> **Problem requirements**
Can you copy out the data exactly? Leave the images out.

> **Items from a data source**
Segment Open

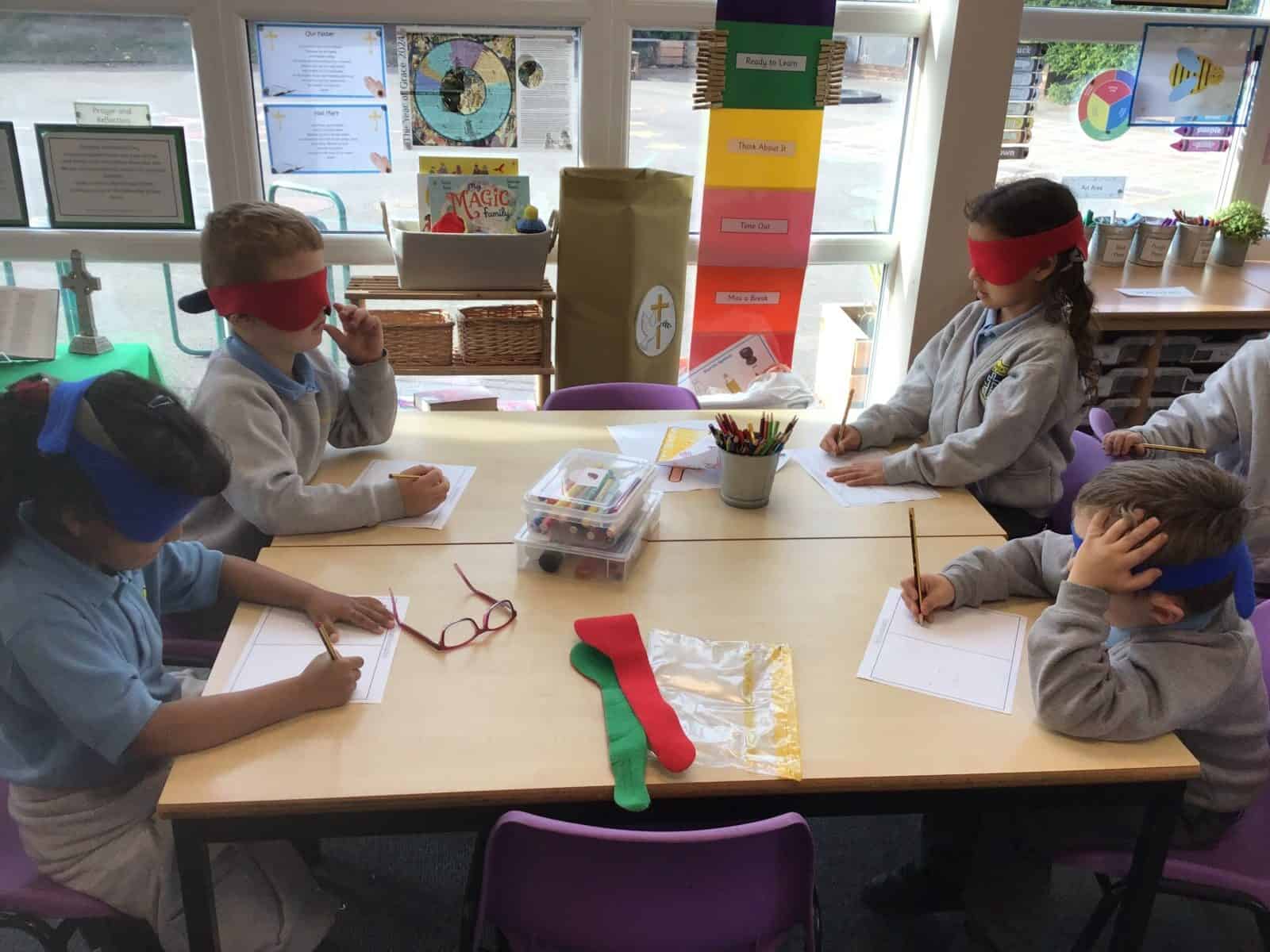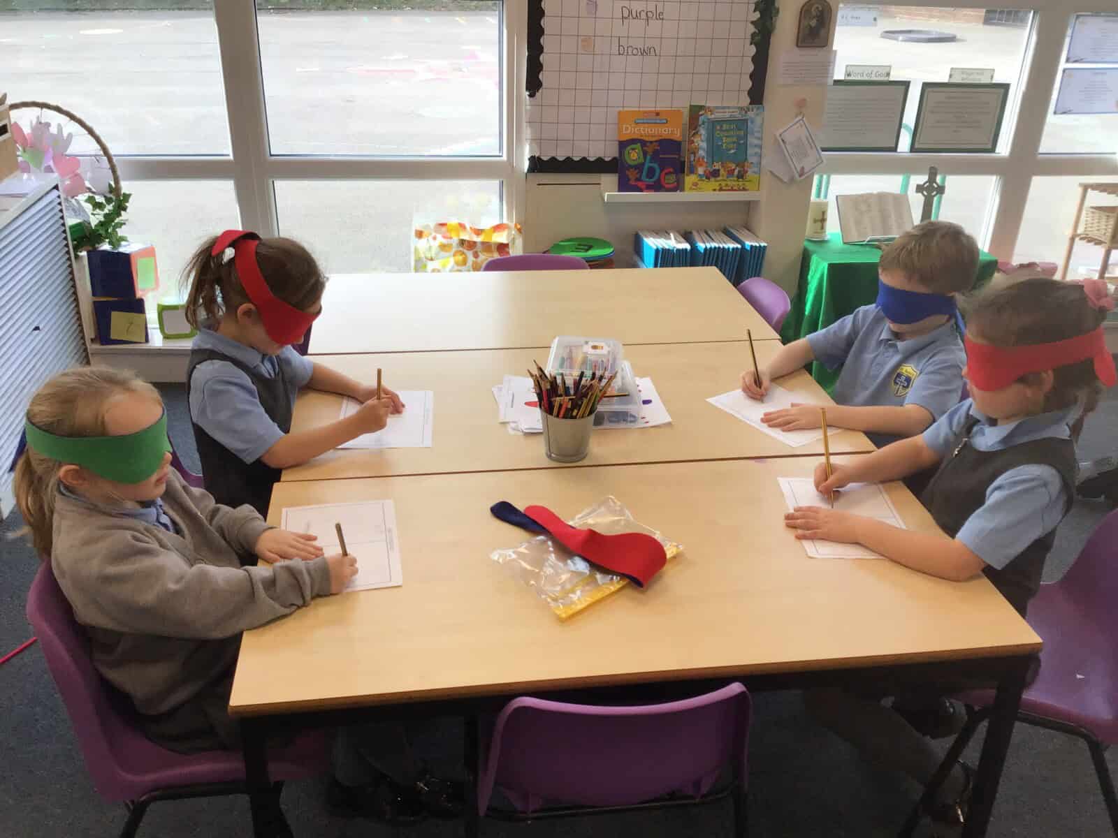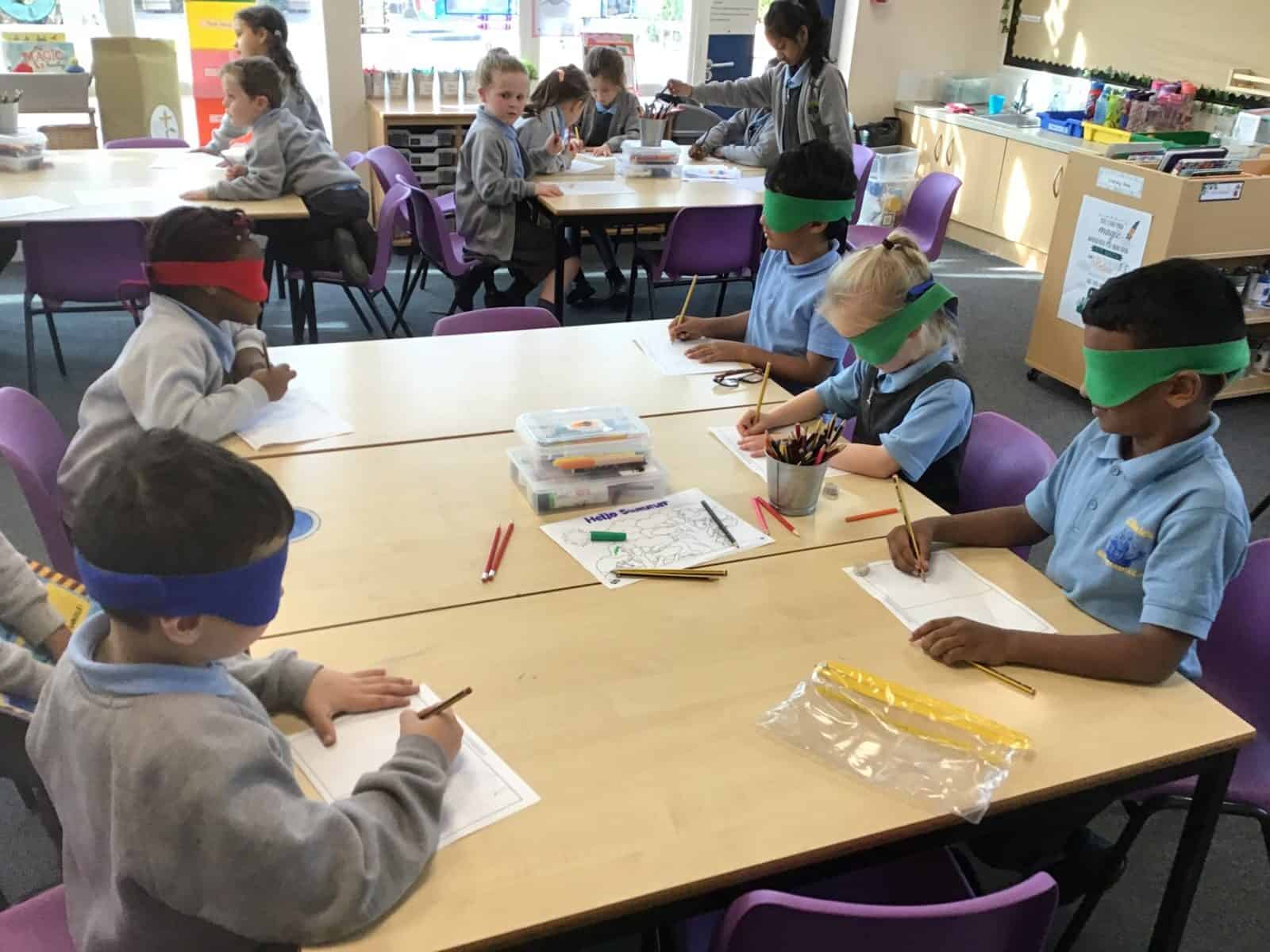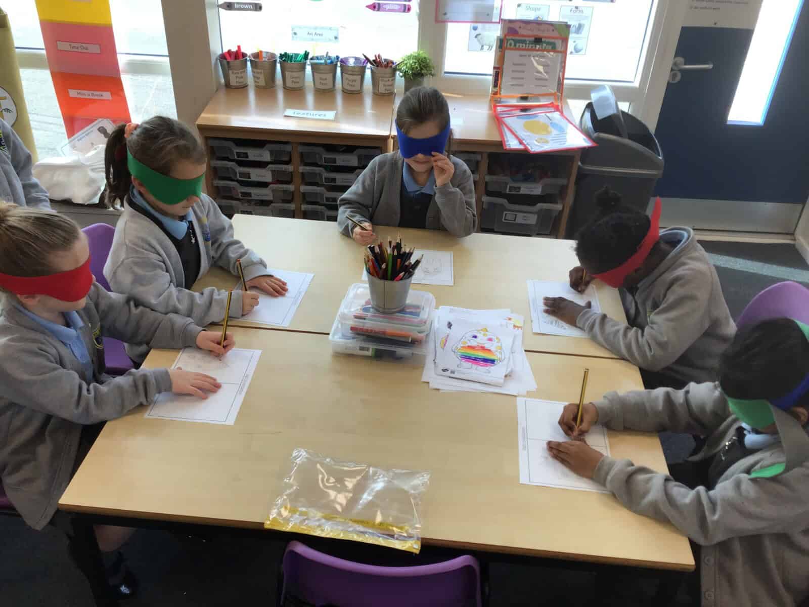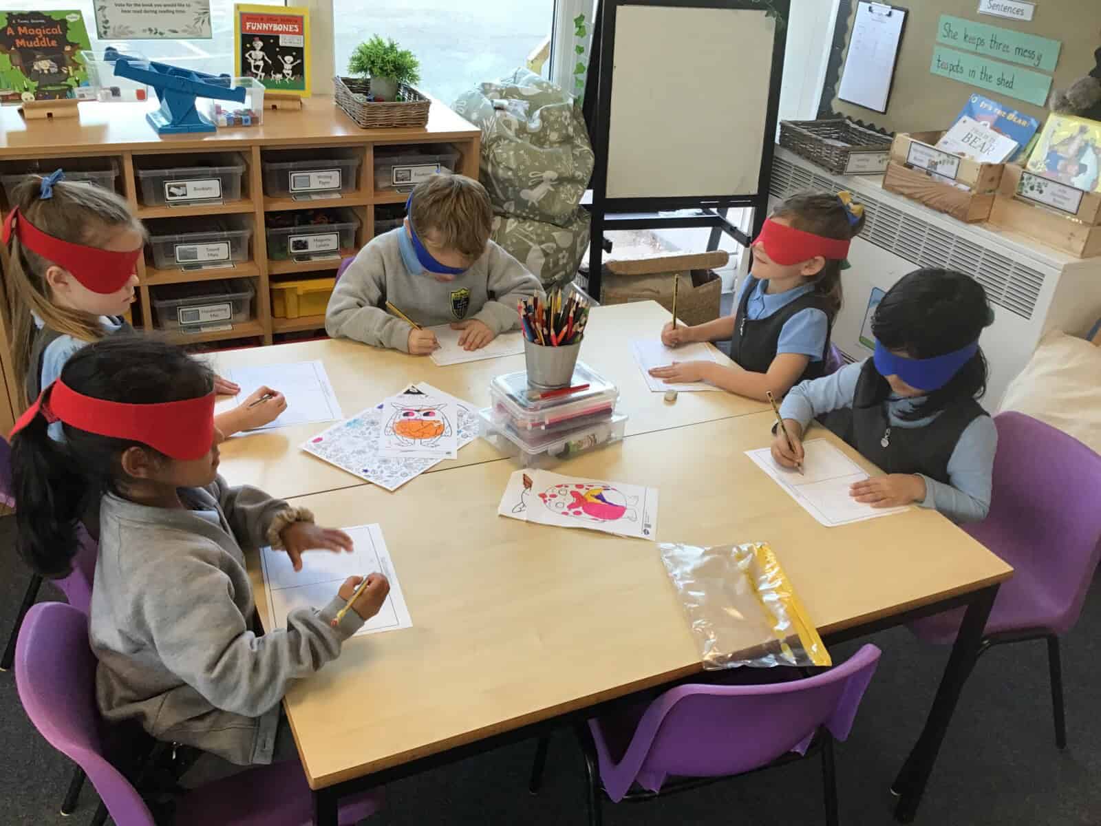 Next, we challenged the children to draw a house while blindfolded! It quickly became clear how important our eyes are for creating and observing details. With their blindfolds removed, they compared their drawings and enjoyed a good laugh!
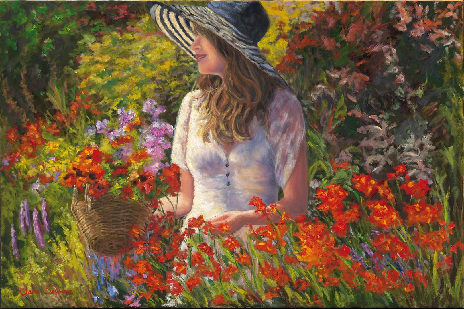 Jane SEYMOUR ORIGINAL: The Artist in Her English Garden. A limited-edition giclee on canvas, hand-signed by the artist, and numbered verso #48/150, 21 3/4 x 33" This quintessential Jane SEYMOUR ORIGINAL image marries her love of gardens, flowers and nature in a pleasing and timeless self-portrait.
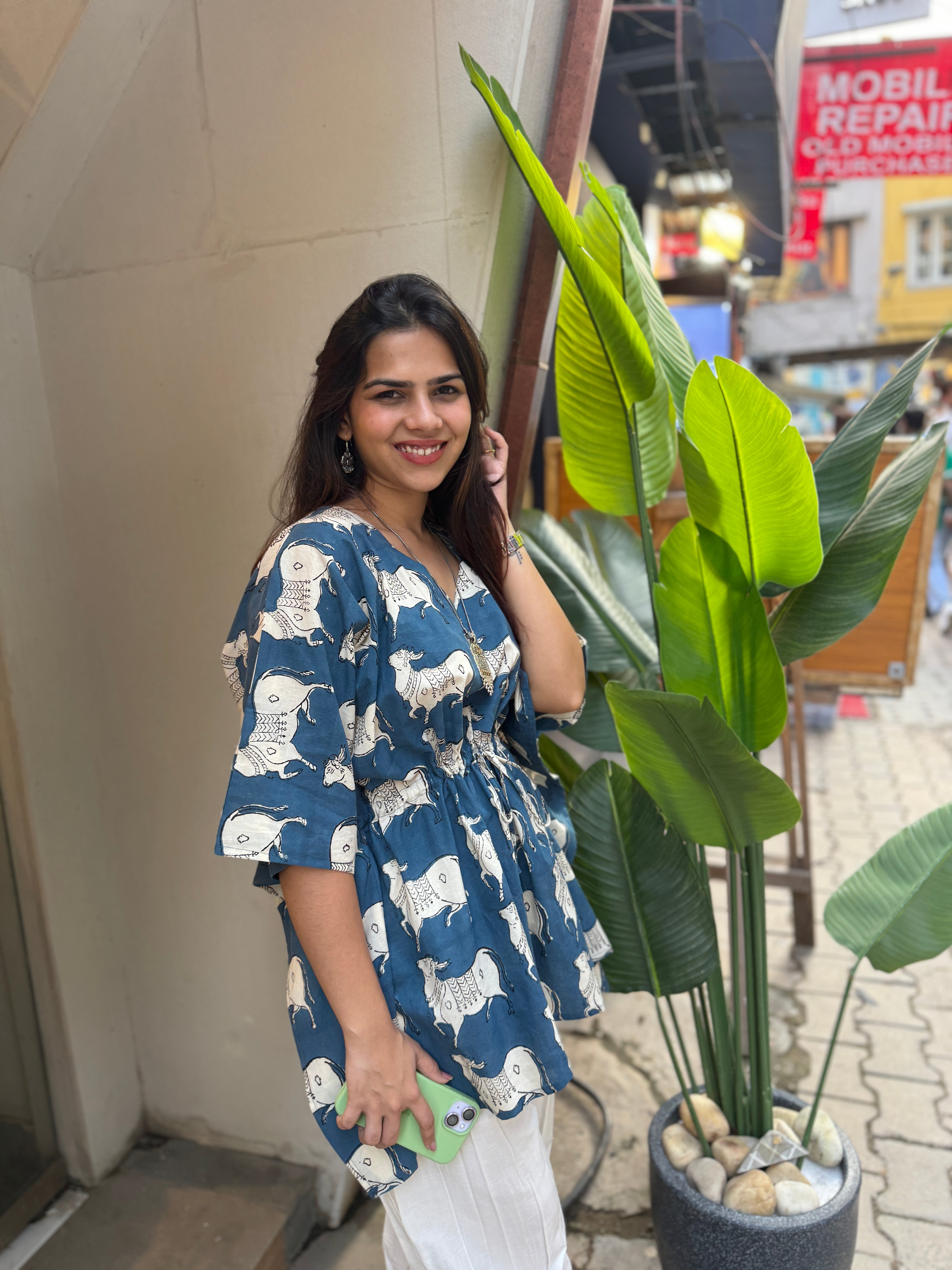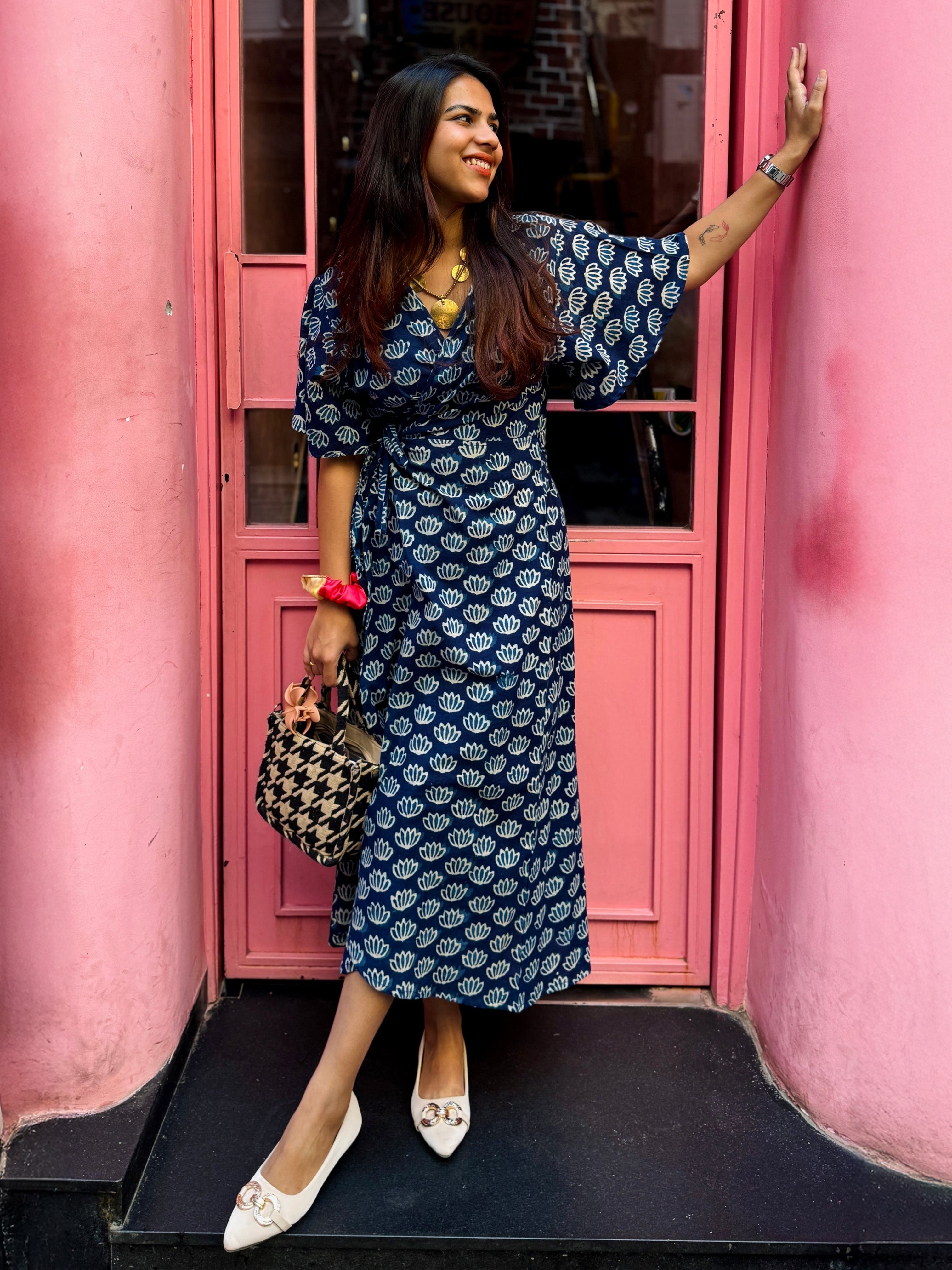 Neel Indigo Hand Block Print Cotton Wrap Around Dress
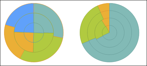Пример отображения круговой диаграммы с рядами в кольцах (слева) и секторно (справа):
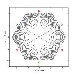 Un sextupôle magnétique (également connu sous le nom d'aimant sextupolaire ou d'aimant hexapolaire) se compose de six pôles magnétiques disposés en alternant les pôles nord et les pôles sud autour d'un axe[1]. Ils sont utilisés dans les accélérateurs de particules[1] pour le contrôle des aberrations chromatiques et pour l'amortissement de l'instabilité tête-queue (en anglais : head tail instability). Deux ensembles d'aimants sextupolaires sont utilisés dans les microscopes électroniques en transmission pour corriger l'aberration sphérique.
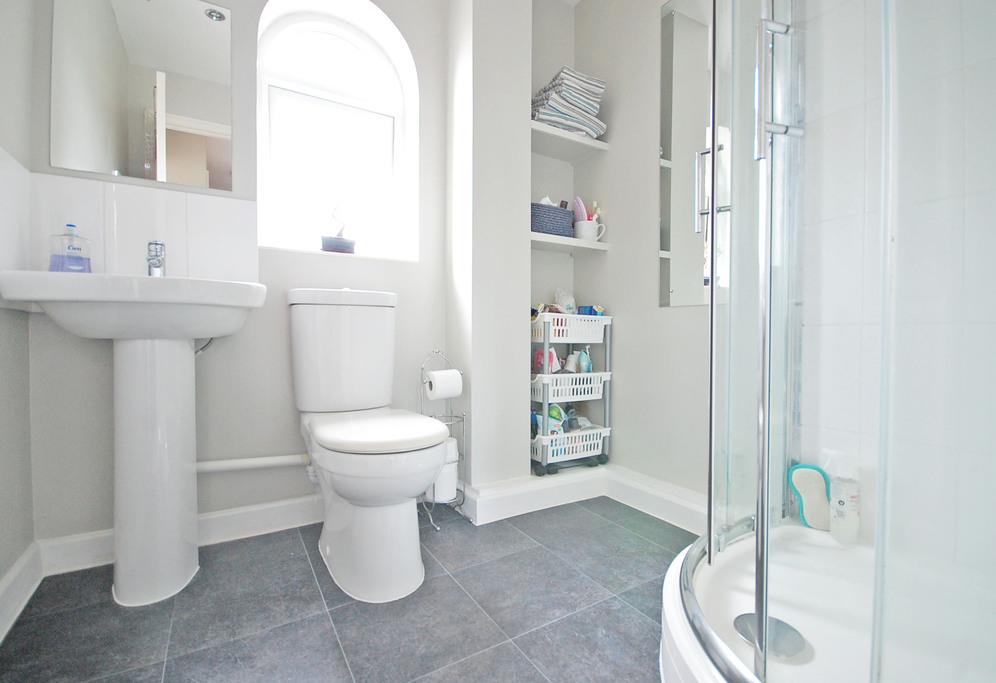 Opaque double glazed window to rear aspect, enclosed corner shower unit with electric power shower, low level WC, pedestal wash hand basin, tiled flooring, heated towel rail, vinyl flooring, smooth ceiling.

Segment Closed

> **Answer space**
 Next, we challenged the children to draw a house while blindfolded! It quickly became clear how important our eyes are for creating and observing details. With their blindfolds removed, they compared their drawings and enjoyed a good laugh!
 Jane SEYMOUR ORIGINAL: The Artist in Her English Garden. A limited-edition giclee on canvas, hand-signed by the artist, and numbered verso #48/150, 21 3/4 x 33" This quintessential Jane SEYMOUR ORIGINAL image marries her love of gardens, flowers and nature in a pleasing and timeless self-portrait.
 Neel Indigo Hand Block Print Cotton Wrap Around Dress
Пример отображения круговой диаграммы с рядами в кольцах (слева) и секторно (справа):
 Un sextupôle magnétique (également connu sous le nom d'aimant sextupolaire ou d'aimant hexapolaire) se compose de six pôles magnétiques disposés en alternant les pôles nord et les pôles sud autour d'un axe[1]. Ils sont utilisés dans les accélérateurs de particules[1] pour le contrôle des aberrations chromatiques et pour l'amortissement de l'instabilité tête-queue (en anglais : head tail instability). Deux ensembles d'aimants sextupolaires sont utilisés dans les microscopes électroniques en transmission pour corriger l'aberration sphérique.
 Opaque double glazed window to rear aspect, enclosed corner shower unit with electric power shower, low level WC, pedestal wash hand basin, tiled flooring, heated towel rail, vinyl flooring, smooth ceiling.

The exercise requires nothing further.